Extract _compute_allreduce_max_token_num() shared helper used by both AllReduceFusionPass (flashinfer) and RocmAiterAllReduceFusionPass.
Simplify parallel_state.py aiter capture context per review suggestion.

…llm-project#81 with reviewer fixes Merge vllm-project#37646 (AITER fused allreduce + RMSNorm pass) and EmbeddedLLM#81 (hidden_dim=7168 support + threshold tuning), then address maintainer feedback: - Add AITER compile range splitting in _set_compile_ranges() so the backend generates separate compiled graphs for fusion-eligible vs non-eligible token counts, matching the existing flashinfer pattern. - Convert RocmAiterAllReduceFusionPass to VllmFusionPatternMatcherPass and rewrite AITER patterns as VllmPatternReplacement subclasses. Add extra_check support to VllmPatternReplacement/register(). - Extract _compute_allreduce_max_token_num() shared helper used by both AllReduceFusionPass (flashinfer) and RocmAiterAllReduceFusionPass. - Simplify parallel_state.py aiter capture context per review suggestion. Signed-off-by: Rita Brugarolas Brufau <rita.brugarolasbrufau@amd.com>

gemini-code-assist

Code Review

This pull request implements fused All-Reduce and RMSNorm operations for ROCm platforms using the AITER library, including a new compilation pass (RocmAiterAllReduceFusionPass) and integration with the distributed graph capture. Feedback identifies a bug where the residual buffer in the fused pattern must be initialized to zero to avoid incorrect results from garbage data. Additionally, the lifecycle management of the AITER communicator needs correction, as destroying it in the pass's destructor causes runtime crashes during execution, and its initialization should be made idempotent.

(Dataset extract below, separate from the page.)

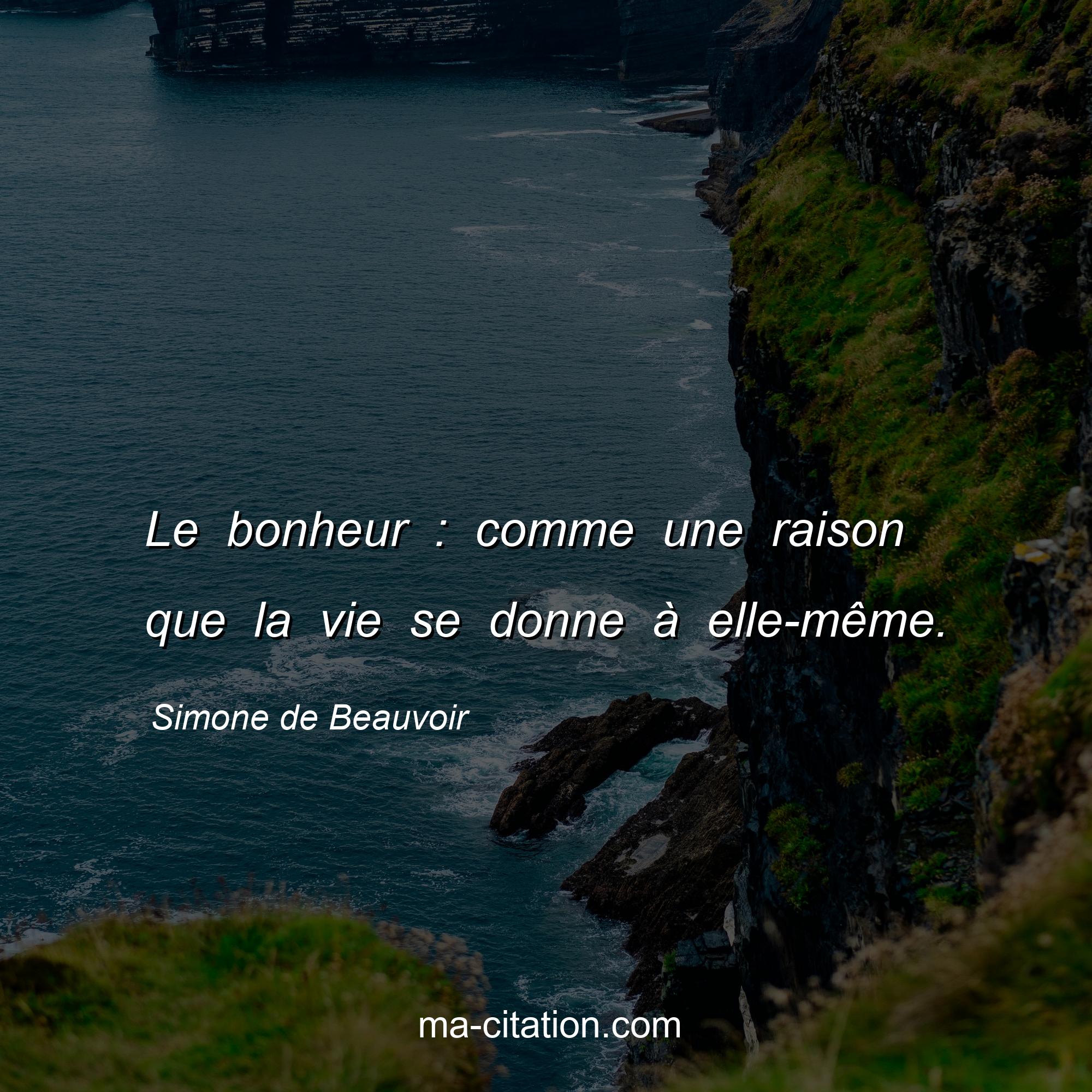 Simone de Beauvoir est l'auteur de la citation sur la vie "Le bonheur : comme une raison que la vie se donne à elle-même.".

gemini-code-assist · 2026-04-24T05:53:12Z

+            residual = torch.empty_like(input)
+            allreduce = op(
+                input_=input,
+                residual=residual,
+                weight=weight,
+                epsilon=epsilon,
+            )
+            return allreduce[0], allreduce[1]


The AiterAllreduceFusedRMSNormPattern replacement uses torch.empty_like(input) for the residual buffer. Since the underlying AITER kernel performs an additive operation (allreduce(input) + residual), using an uninitialized buffer will lead to incorrect results containing garbage data. This buffer should be initialized to zeros for the non-additive case to ensure correctness.

Suggested change

residual = torch.empty_like(input)

allreduce = op(

input_=input,

residual=residual,

weight=weight,

epsilon=epsilon,

)

return allreduce[0], allreduce[1]

residual = torch.zeros_like(input)

allreduce = op(

input_=input,

residual=residual,

weight=weight,

epsilon=epsilon,

)

return allreduce[0], allreduce[1]

gemini-code-assist · 2026-04-24T05:53:12Z

+    def __del__(self) -> None:
+        if getattr(self, "disabled", True):
+            return
+        with contextlib.suppress(Exception):
+            rocm_aiter_ops.destroy_aiter_allreduce()


The __del__ method destroys the global AITER allreduce communicator. This is highly problematic because the pass instance is typically garbage collected after the compilation phase, but the global communicator must remain alive for the execution of the compiled graph. Destroying it here will cause runtime crashes when the model is executed. Furthermore, in environments with multiple engine instances or models, deleting one pass will break the communicator for all others. The lifecycle of the communicator should be managed by a persistent entity like parallel_state or GroupCoordinator, not by a fusion pass instance.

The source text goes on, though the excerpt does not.